The Yeats Companion by Ulick O'Connor (Pavilion £14.95) William Riviere THE Yeats Companion will not interest the reader who already knows the poet's work well. Mr O'Connor has not unearthed forgotten texts, nor has he new perspectives on the Yeats canon to suggest. But for newcomers to Yeats, or for those whose appetites have been whetted by a few poems found in anthologies, he has made a useful introduction.
The short biography with which the book opens is factually dependable; but it can be journalistically bland to the point of degrading its subject. George Hyde-Lees, for instance, is helpfully described as "32, young".
When after their marriage she discovered she could do spirit writing we are told that this "was a bonus for Yeats". Do a great poet's feelings have to be written about so tritely?
But there is more in the same vein. "Though she was marrying one of the most difficult men in the world to manage, the relationship worked like a dream. She seemed to have some instinct into Yeats's inner needs ." All good glossy magazine stuff.
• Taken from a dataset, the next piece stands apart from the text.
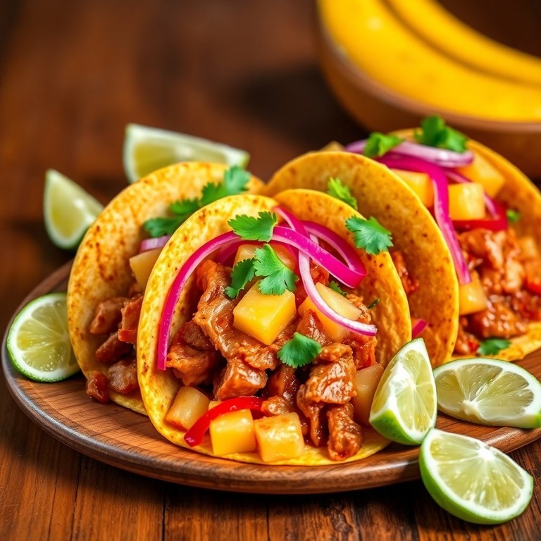 Estos tacos de pollo al pastor son una deliciosa combinación de pollo marinado en achiote y jugo de piña, cocinado a la parrilla y servido en tortillas de maíz con piña fresca y cebolla. Perfectos para un almuerzo o cena.

Mr O'Connor is more successful as an editor. Of course many brilliant poems have had to be left out Crazy Jane never appears, Two Songs From A Play is out, Meru is out . . And Farm,11's Fvneral is in, as second-rate as ever. But the over-all picture is well balanced, with representative pieces from the successive phases of the poet's career. And where, in the case of the plays, the editor cannot show how brilliant Yeats is, he is admirably stalwart in maintaining how excellent they are, and in bringing forward witnesses in their defence.
The editor has scored another success by choosing some of Yeats's senate speeches. In the discussion of the proposed bill of divorce, the poet is as incisive and eloquent as we could desire, who like to see a writer among politicians acquit himself honourably.